In the movie Dodgeball which came out a few years back, the games of the fictional tournament were being televised on "ESPN 8, the Ocho" -- the joke being, of course, that someday there will be so many channels of ESPN programming that they will resort to televising dubious events in order to fill out their schedule. Me and a friend of mine have nicknamed SNY "the Ocho" for all of the just plain crap they show when there is no Mets game on.
I have an idea for a relative low-cost show that would actually entice me to tune in, unlike Canadian football and beach volleyball games. Why not team up Ralph with a competent interviewer and let him share the hundreds of great stories he has? Ralph is a link to such wonderful baseball history going back to the 1940s. Ralph was a celebrity when being one actually required being great at something. Although tragically handicapped by never having an internet sex video released, he is infinitely more interesting than the lost souls who command our attentions today. He lived a great life, and the stories he could share about it are perishable treasures that can be preserved or simply allowed to fade away. You can never get back all of the classic Kiner's Korners that were senselessly destroyed. What a great chance to preserve some of the great stories and give Mets fans a little more of someone who they love at the expense of some softball or fishing show that no one watches, anyway.

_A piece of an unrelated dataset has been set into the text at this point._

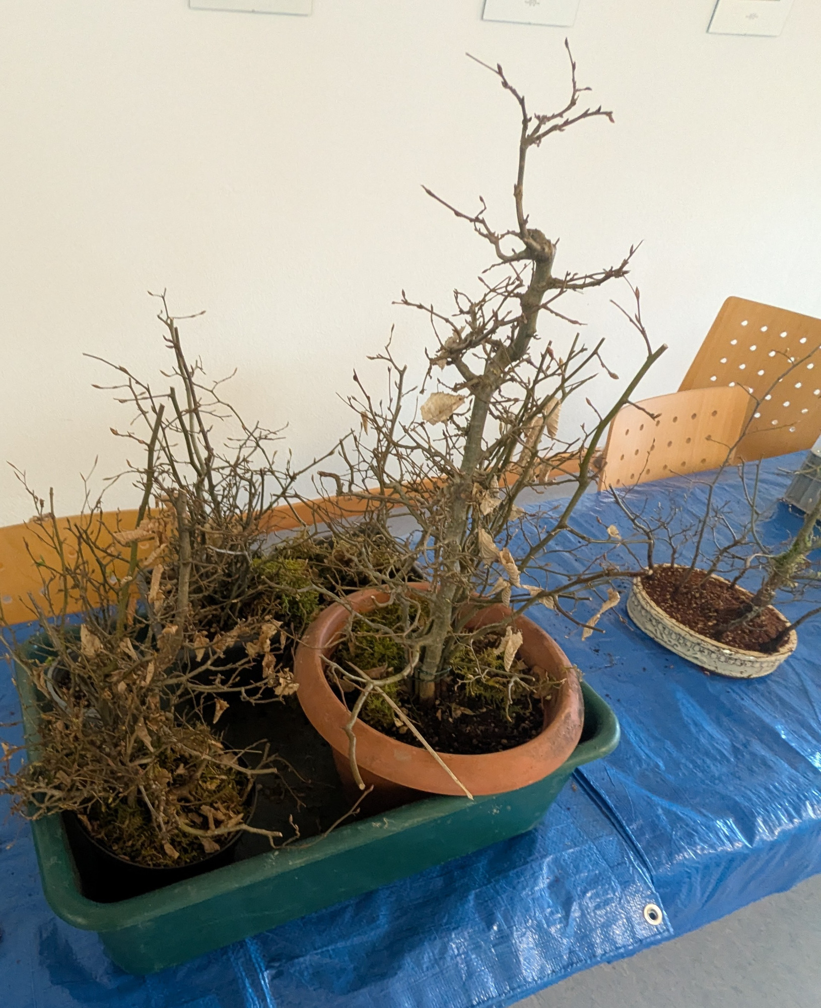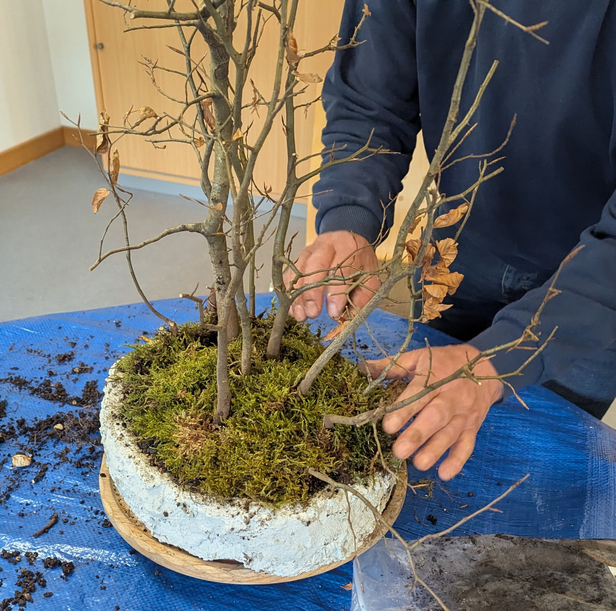 Zur Verfügung standen junge Hainbuchen und Rotbuchen Bäumchen. Um das Anordnen und Positionieren der einzelnen Bäumchen zu erleichtern war ein Styropor -Block in Form einer Bonsai -Schale vorhanden. Die Bäumchen bekamen jeweils einen Draht um den Stamm gewickelt, sodass ein Ende als Spitze unter der Wurzel heraus zeigte. Dadurch konnten die Bäumchen leicht in das Styropor gesteckt, aber auch wieder leicht heraus gezogen und die Position verändert werden.

One thing I have wondered in my life is what I would say if I was lucky enough to meet someone famous who has enriched my life. I have no doubt whatsoever what I would say if I was treated to some time with Ralph. I would simply thank him for nourishing my love of baseball over the years, then shut my stupid trap and listen to as many stories as he was willing to share with me. It wouldn't matter in the least if many of them were familiar from decades of listening to him. It's all good.